Emma iba casi suspendida. Tuvo que confesar que no sentía el movimiento
apenas. Durante el viaje, que duró tres horas más que el de ida, se
durmió también, y se quedó con las manos apretadas sobre el vientre.
Cuando despertó, vio a Bonis con la mirada grave, de expresión intensa,
fija sobre el mismo sagrado bulto que oprimían los dedos de ella. Se lo
agradeció; sonrió al esposo que la ayudaba a no soltar antes de tiempo
la carga de sus entrañas, y le mostró, avergonzada de la caricia, como
siempre que tenía estas debilidades, le mostró su gratitud dándole un
suave puntapié en la espinilla. Y Bonis, que sentía lágrimas cerca de
los párpados, pensó: «Lo mejor sería amar al hijo... y amar a la madre».
Al bajar del coche, junto al portal de su casa, Emma exigió que la
ayudasen dos, que habían de ser Bonis y Minghetti; se dejó caer sobre
ellos con todo su cuerpo, segura de no ser abandonada a su pesadumbre.
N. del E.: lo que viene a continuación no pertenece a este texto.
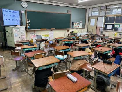 避難の際には、低学年を優先し、静かに行動する姿が見られ、高学年にまた一歩近づいている4年生でした。

Después, mientras Bonis y D. Nepo y los demás que habían acudido a
recibirla daban órdenes para subir a casa el equipaje, ella emprendió la
marcha escalera arriba, colgada del brazo de Gaetano. En el primer
descanso se detuvo, respiró con dificultad, miró al barítono con fijeza,
y acabó por decir:
--¿Y si me hubiera muerto en el camino... por culpa tuya?
--¡Bah!
--¡Sí, bah! Podía desangrarme; son habas contadas.
--No, hija mía, no. Parirás sin dolor, y tendrás un robusto infante.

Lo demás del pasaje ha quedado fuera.